Einfluss von HIV auf Sterblichkeit bei COVID-19-Infektion
In einer grossen Studie mit über 360 000 Datensätzen aus 42 Ländern (davon 95 Prozent in Afrika) wurde einmal mehr versucht, den Einfluss von HIV auf die Sterblichkeit bei einer COVID-19-Infektion zu ermitteln. Der Datensatz umfasste rund 17 000 Personen mit der Diagnose HIV. Im Vergleich zur HIV-negativen Kontrollgruppe hatten Personen mit HIV ein um 15 Prozent erhöhtes Risiko für einen schweren Verlauf der COVID-19-Infektion und ein um 38 Prozent erhöhtes Risiko, im Krankenhaus zu sterben.
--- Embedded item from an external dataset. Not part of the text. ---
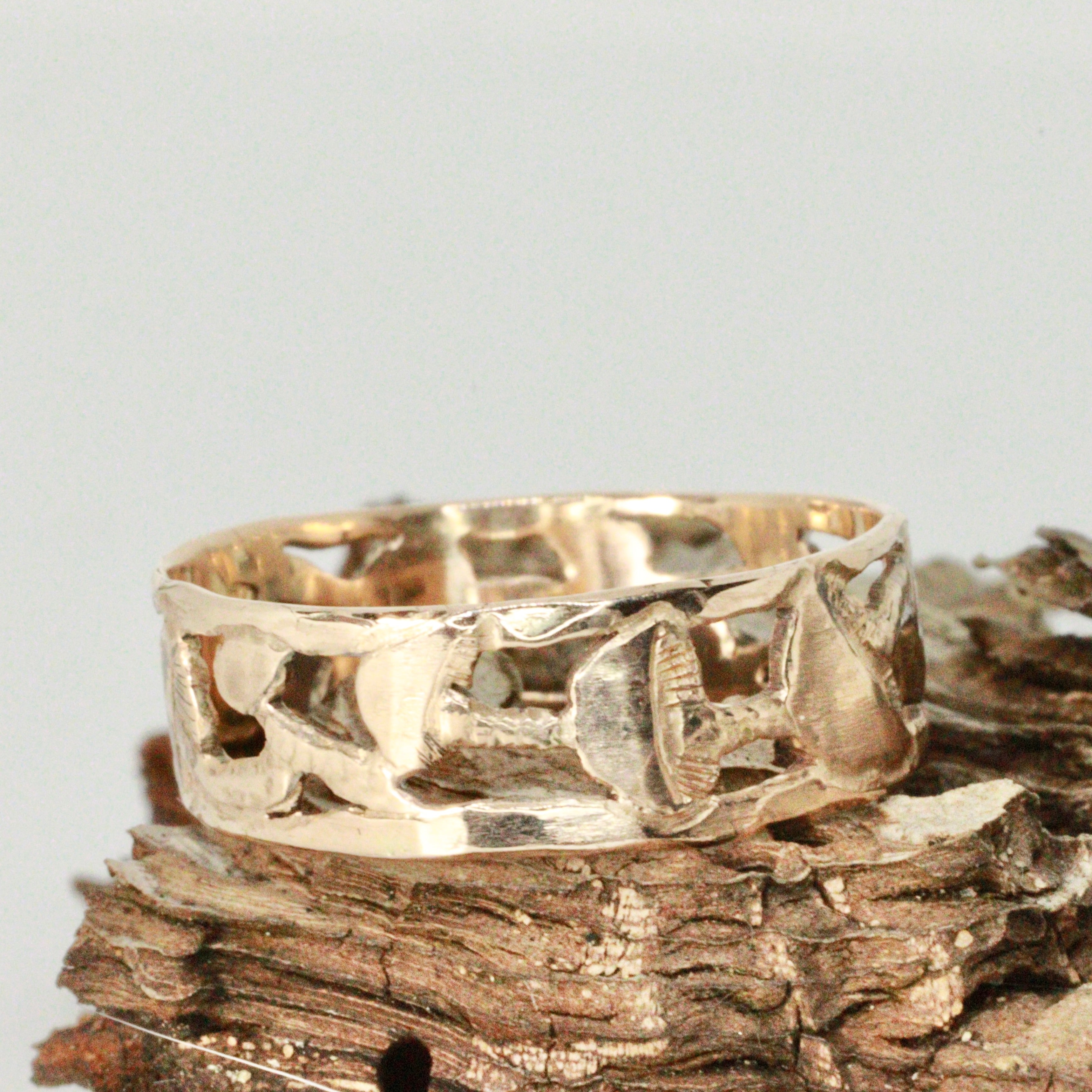 A unique hand crafted fungi mushroom ring crafted in 9ct red gold. Drawn by hand and pierced out as a complete one off, this is a sketch in metal, inspired by the beautiful abundance of Autumn.

Die gute Nachricht: Personen mit HIV, die unter einer antiretroviralen Therapie standen, hatten ein deutlich geringeres Risiko für einen tödlichen oder einen schweren Verlauf als diejenigen, die keine antiretrovirale Therapie einnahmen. Zusammenfassend bestätigt auch diese Studie das höhere Risiko für einen schweren oder gar tödlichen Verlauf von COVID-19 bei Menschen mit HIV gegenüber den HIV-negativen Kontrollgruppen. Sicherlich ein Argument dafür, sich diesen Herbst/Winter erneut gegen COVID-19 impfen zu lassen.
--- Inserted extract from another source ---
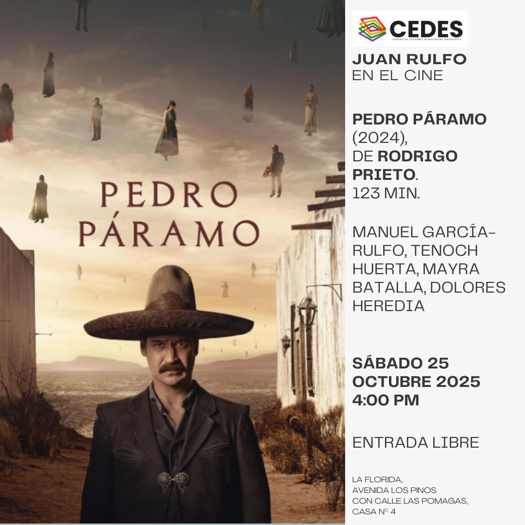 Ciclo homenaje al maestro Juan Rulfo, a propósito de cumplirse 70 años de la publicación de su novela "Pedro Páramo". Les invitamos a disfrutar: - Sábado 25 octubre 2025 Pedro Páramo (2024, 123 min.), de Rodrigo Prieto. Hora: 4 pm. La entrada es libre.

Heilung von HIV: Der «City of Hope» Patient
Seit dem berühmten «Berlin»-Patienten Timothy Brown ist klar, dass HIV geheilt werden kann – wenn auch nur mit sehr grossem Aufwand und potenziell tödlichen Prozeduren wie Stammzellentransplantation und Ganzkörperbestrahlung. Insgesamt waren bis anhin drei solche Fälle bekannt. Nun gilt eine weitere Person als von HIV geheilt: An der Konferenz wurde er als «City of Hope»-Fall beschrieben, da er im gleichnamigen Spital behandelt wurde. Der heute 66-jährige Mann hatte 31 Jahre lang mit HIV gelebt, als er an einem aggressiven Blutkrebs erkrankte. Als Therapie gegen den Krebs erhielt er drei Chemotherapien und zuletzt eine Stammzellentransplantation, die Immunzellen eines gesunden Spenders mit einer natürlichen HIV-Resistenz enthielt. Vier Jahre nach der Transplantation lebt der Mann ohne antiretrovirale Therapie und scheint von HIV geheilt zu sein.